И это я уже не говорю о проблеме с публичностью всех заседаний во время пандемии, которая имеет особенно большое значение в случае уголовных дел. (И эту проблему решить, кстати, было бы проще простого: ставь на штатив хоть самый плохонький телефон да делай трансляцию. Но кто ж у нас на это пойдет…).
Несмотря на письмо директора ФСИН председателю ВС (на РБК цитаты неточные, но фото письма в интернет тоже выложено, так что цитирую по нему) с просьбой «ориентировать суды рассматривать возможность более широкого применения мер пресечения, альтернативных заключению под стражу» в отношении подозреваемых и обвиняемых в преступлениях небольшой и средней тяжести, а также в экономических преступлениях, — преступления средней тяжести и экономические преступления в обзоре вообще не упоминаются. А в отношении подозреваемых и обвиняемых в преступлениях небольшой тяжести указывается лишь, что при принятии решения об избрании им меры пресечения суды «вправе также учитывать и факт проведения карантинных мероприятий в изоляторах временного содержания и следственных изоляторах» (хотя УПК и так предоставляет им право учитывать все обстоятельства).

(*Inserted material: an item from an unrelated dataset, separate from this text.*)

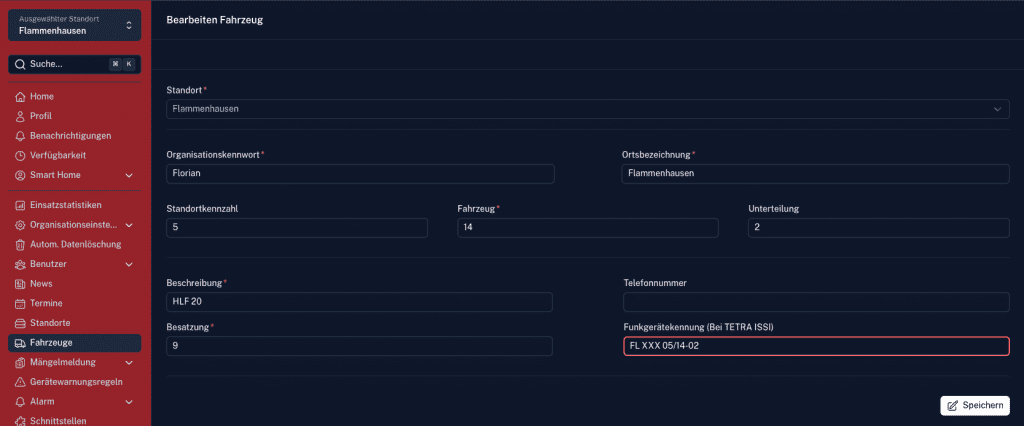 Damit die Einsatzmittel richtig dem Einsatz zugeordnet werden können, muss im Feld Funkgerätekennung des entsprechenden Fahrzeuges der Funkrufname eingetragen. Die Schreibweise ist hier z.B.

Как воспримут такое, мягко говоря, сдержанное указание судьи, треть которых приходят на свои должности из аппарата судов, работу в котором в самом судейском сообществе не считают способствующей формированию самостоятельности, — можно лишь предполагать.
Между тем, согласно упомянутому выше письму директора ФСИН, 20,6% (3777 человек) от общего числа арестованных, поступивших в СИЗО в марте (18338 человек), составили именно лица, подозреваемые и обвиняемые в преступлениях небольшой тяжести.
Из однозначно хорошего: согласно обзору, ходатайства об условно-досрочном освобождении, о замене неотбытой части наказания более мягким видом наказания, об освобождении от наказания в связи с болезнью подлежат безотлагательному рассмотрению (и это хорошо для осужденных); ходатайства о наложении ареста на имущество и продлении срока ареста этого имущества — тоже (и это хорошо для потерпевших).